Could this be something very simple or is it a garage job?

Thanks


----------



## Mr Tayto (7 Mar 2007)

I think this site may help (you at least can ask them the question) http://www.a4mods.com/index.php


----------



## JMR (17 Apr 2007)

Can anybody shed any light on this??

The lock has been replaced but the situation is exactly the same!!
Does this mean that the mechanic needn't have replaced the lock at all?
The control unit under the floor on the passenger side has been inspected and is dry, apparently this unit getting wet is a common enough problem...


----------



## Pique318 (17 Apr 2007)

sounds like an actuator problem. 
Same thing happened on my old BMW.

Cheap to get ( breakers yard best) and a couple of hours on a Saturday to replace.


----------



## TONNEMAN72 (27 Apr 2007)

I would say from experience thats its your drivers electric window control unit as it controls the lock


----------



## noelkavanagh (23 Jul 2010)

*Same issue*

JMR - Just wondering if you managed to get this problem fixed and how you resolved.  I have the exact same problem and can't figure out what it is.

Any advice would be appreciated.


----------



## Staples (23 Jul 2010)

I had a related problem some years ago when the remote wouldn't work at all.

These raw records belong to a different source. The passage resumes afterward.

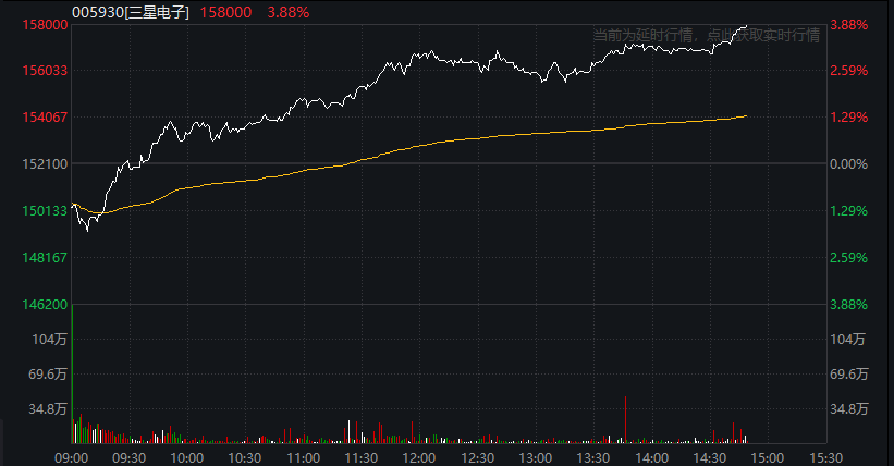 消息出炉之后,SK海力士、三星电子午后涨幅进一步扩大,其中SK海力士涨超8%,三星电子涨近4%。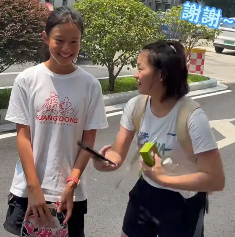 27日全红婵最新亮相广州二沙训练场,许久不公开露面的全红婵这次看着心态非常好,而且也明显瘦了好多!全红婵在训练场外遇见滑板运动员郑好好正在接受媒体访问时,全红婵还直接秒变粉丝欣喜上前询问,“可以跟你合照吗?”,随后拿出手机愉快的自拍合影了,不远处还有全红婵的师兄谢思埸等人在等她,全红婵合完影也飞快地逃跑了,貌似很怕这群记者要采访她!
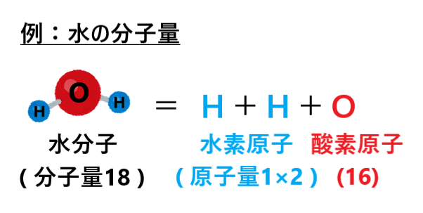 例えば、水の分子量(重さ)は18です。水分子を構成している水素原子2個と酸素原子1個の原子量(重さ)を合計すると18になるからです。

The advice at the time was to insert the manual key into the drivers door lock - turn the key - and hold it for a few seconds in the turned position. It seemed to work although whether the initial "freeze" was just a once-off or not, I don't know.

For some reason, this was only a problem with one remote key - the other one worked perfectly.


----------



## BK0001 (23 Jul 2010)

The circut board that controls the locking mechanism is known to fail on the VW golf. The metal soldering spots on the board crack causing the problem. Probably the same part used on your A4. Here's the explaination http://forums.vwvortex.com/showthread.php?1542461


----------



## JMR (25 Jul 2010)

noelkavanagh said:


> JMR - Just wondering if you managed to get this problem fixed and how you resolved. I have the exact same problem and can't figure out what it is.
> 
> Any advice would be appreciated.


 
The solution to my problem was to replace the window winder control unit as suggested above by TONNEMAN72.
The mechanic originally replaced the lock but this didn't solve the problem so it went to a specialist auto-electrician and he replaced the window winder control unit.
Hope this helps


----------